Start of RECORD EXCERPTS

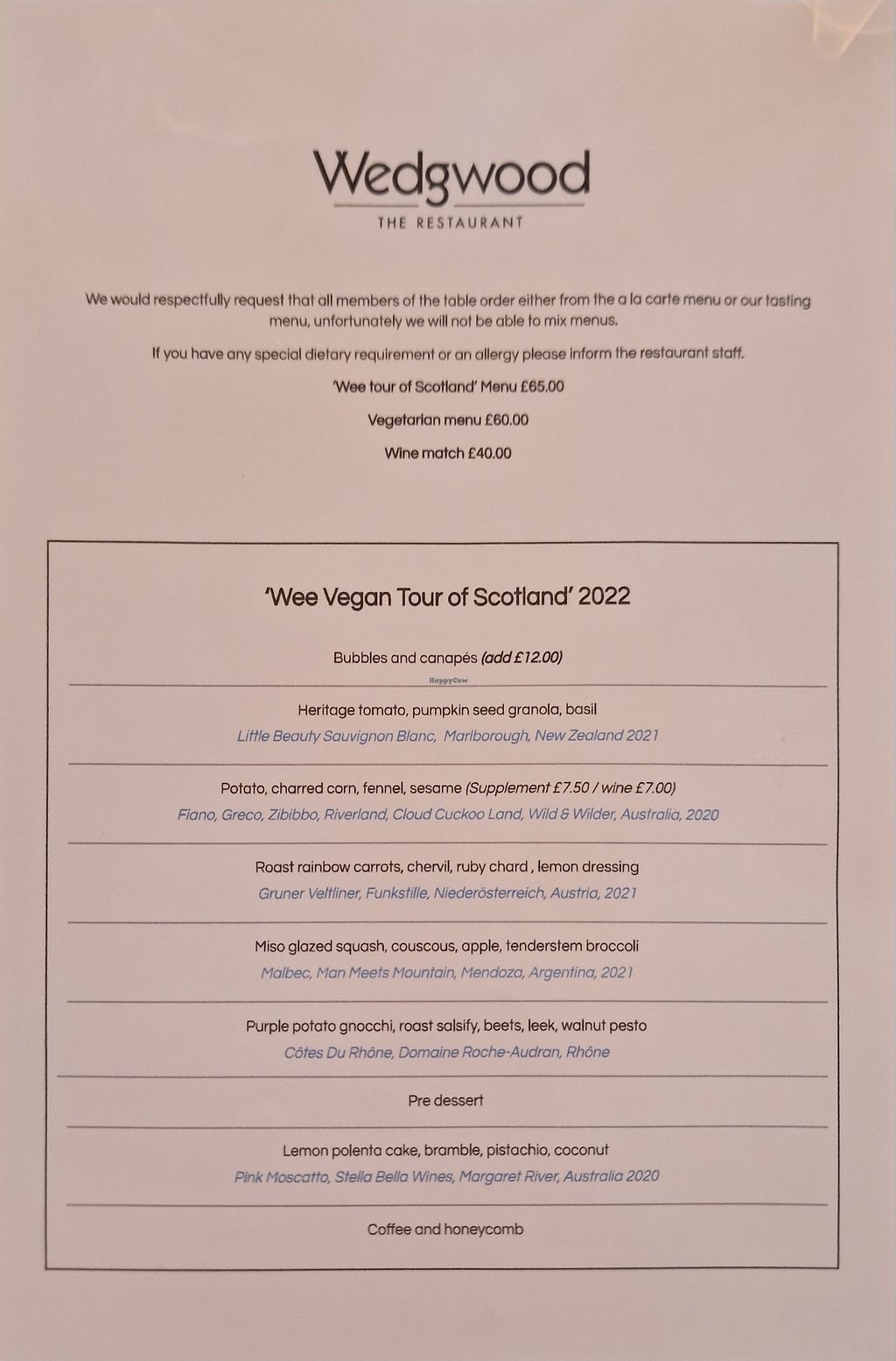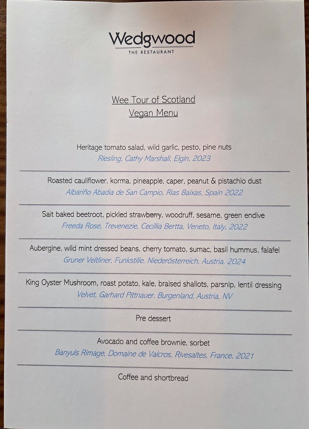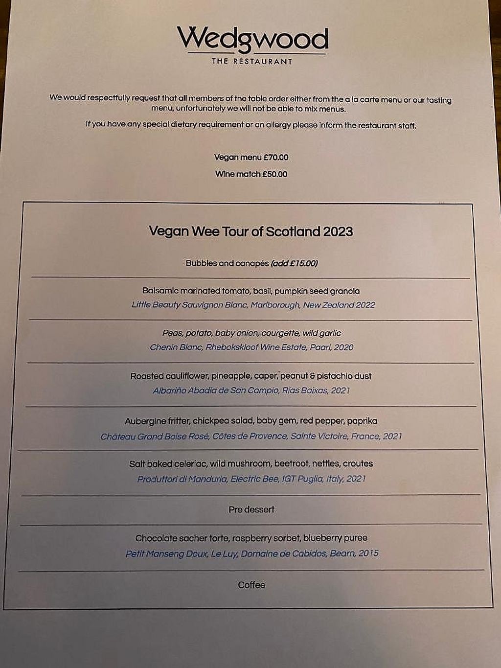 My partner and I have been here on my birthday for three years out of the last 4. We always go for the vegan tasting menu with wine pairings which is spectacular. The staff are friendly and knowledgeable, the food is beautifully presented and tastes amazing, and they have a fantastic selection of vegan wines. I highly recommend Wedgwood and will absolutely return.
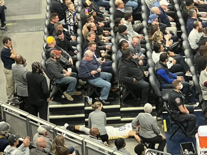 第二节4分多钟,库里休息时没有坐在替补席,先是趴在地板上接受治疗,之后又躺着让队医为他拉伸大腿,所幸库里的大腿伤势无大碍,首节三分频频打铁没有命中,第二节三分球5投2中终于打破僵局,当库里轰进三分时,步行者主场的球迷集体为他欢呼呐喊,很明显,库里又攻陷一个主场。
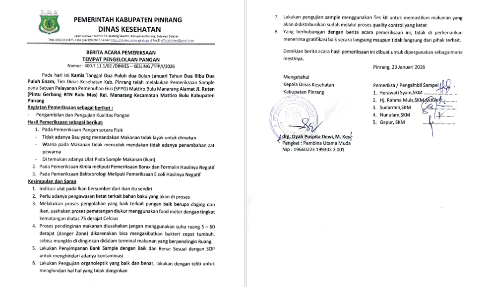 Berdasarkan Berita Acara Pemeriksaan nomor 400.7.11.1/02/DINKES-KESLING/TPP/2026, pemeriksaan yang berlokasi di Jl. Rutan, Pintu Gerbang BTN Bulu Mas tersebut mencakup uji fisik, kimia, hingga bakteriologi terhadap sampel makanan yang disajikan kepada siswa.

End of RECORD EXCERPTS
Start of RECORD EXCERPTS

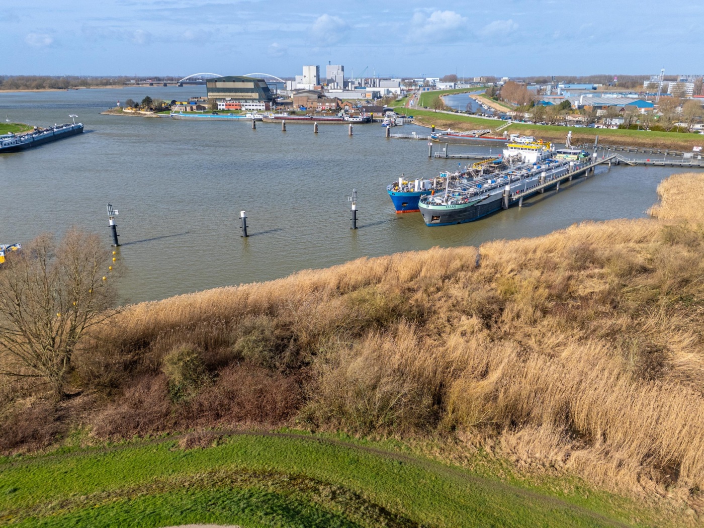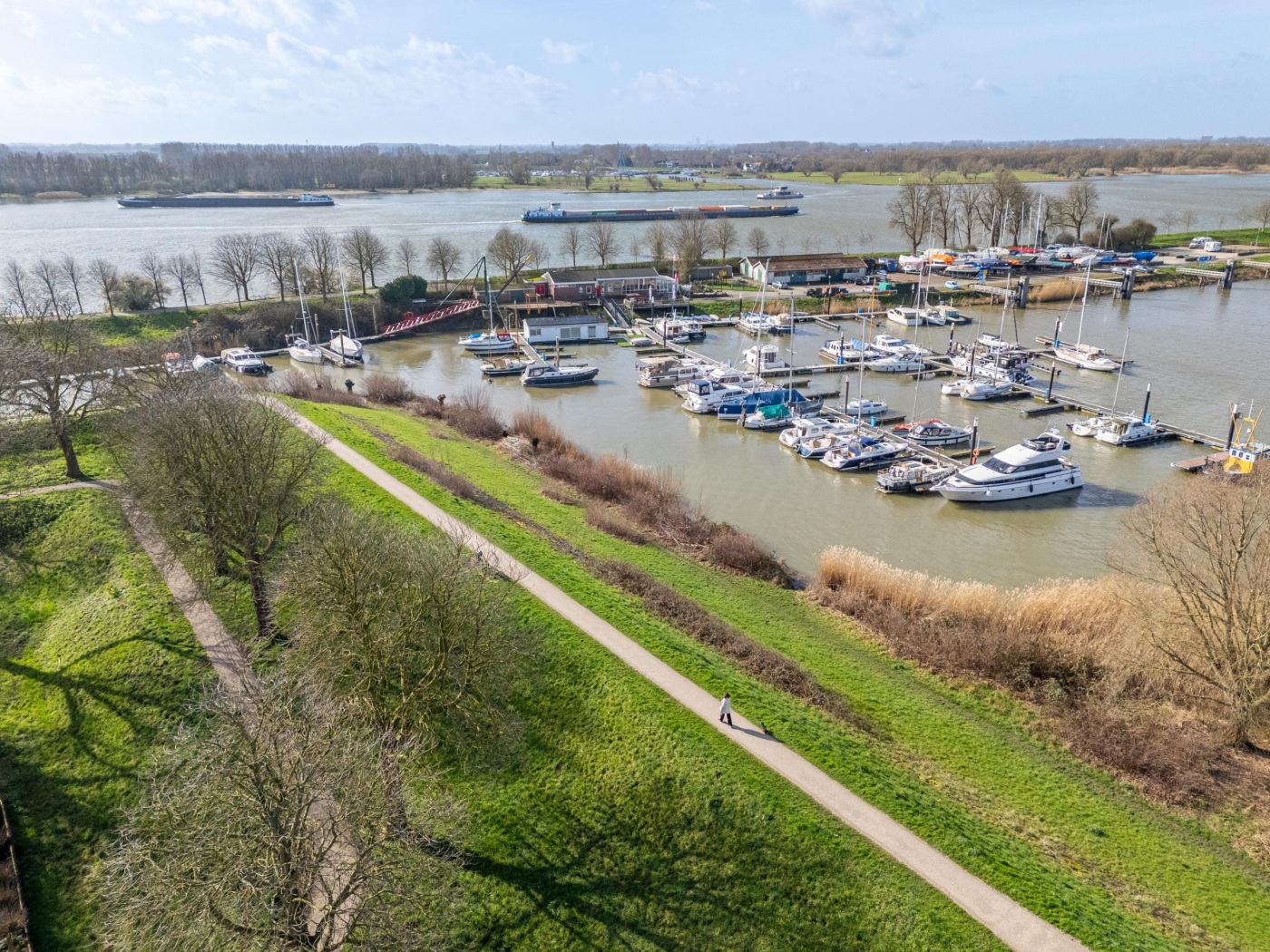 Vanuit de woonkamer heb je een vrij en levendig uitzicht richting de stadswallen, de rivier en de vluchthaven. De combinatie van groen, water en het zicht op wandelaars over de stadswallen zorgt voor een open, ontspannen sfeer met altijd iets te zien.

End of RECORD EXCERPTS
Start of RECORD EXCERPTS

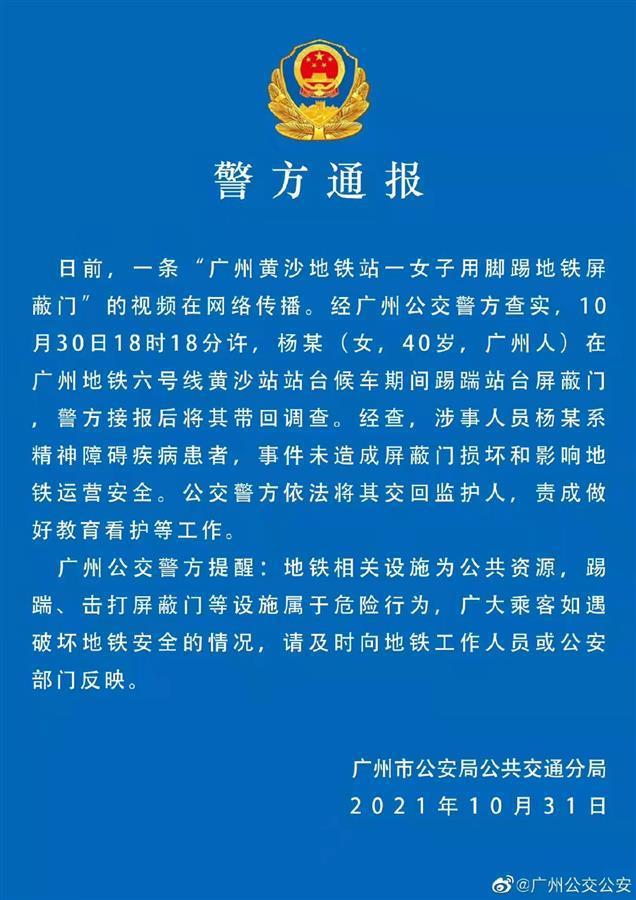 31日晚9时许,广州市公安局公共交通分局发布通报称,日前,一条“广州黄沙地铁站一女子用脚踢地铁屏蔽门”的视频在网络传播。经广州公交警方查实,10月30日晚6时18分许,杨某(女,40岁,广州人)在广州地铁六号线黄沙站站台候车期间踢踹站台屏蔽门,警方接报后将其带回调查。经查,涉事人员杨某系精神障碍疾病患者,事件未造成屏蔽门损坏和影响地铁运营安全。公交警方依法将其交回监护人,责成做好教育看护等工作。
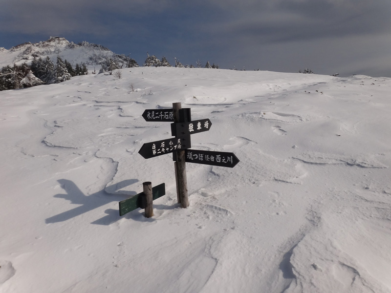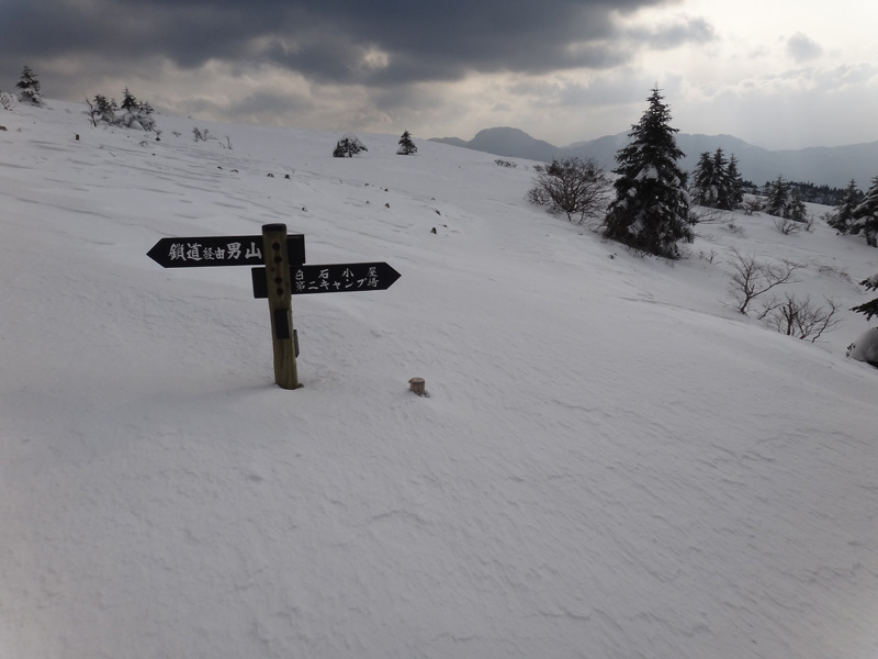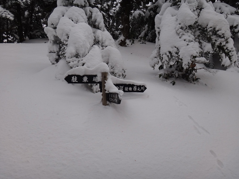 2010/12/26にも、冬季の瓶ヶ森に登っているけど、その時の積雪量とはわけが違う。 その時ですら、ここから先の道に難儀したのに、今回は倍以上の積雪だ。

End of RECORD EXCERPTS

WHAT YOU NEED TO DO: Pictures do not belong in the answer. Return the lines above starting at the one with "My partner and" and ending at the one with "第二节4分多钟,库里休息时没", both kept, exactly.

ANSWER:
 My partner and I have been here on my birthday for three years out of the last 4. We always go for the vegan tasting menu with wine pairings which is spectacular. The staff are friendly and knowledgeable, the food is beautifully presented and tastes amazing, and they have a fantastic selection of vegan wines. I highly recommend Wedgwood and will absolutely return.
 第二节4分多钟,库里休息时没有坐在替补席,先是趴在地板上接受治疗,之后又躺着让队医为他拉伸大腿,所幸库里的大腿伤势无大碍,首节三分频频打铁没有命中,第二节三分球5投2中终于打破僵局,当库里轰进三分时,步行者主场的球迷集体为他欢呼呐喊,很明显,库里又攻陷一个主场。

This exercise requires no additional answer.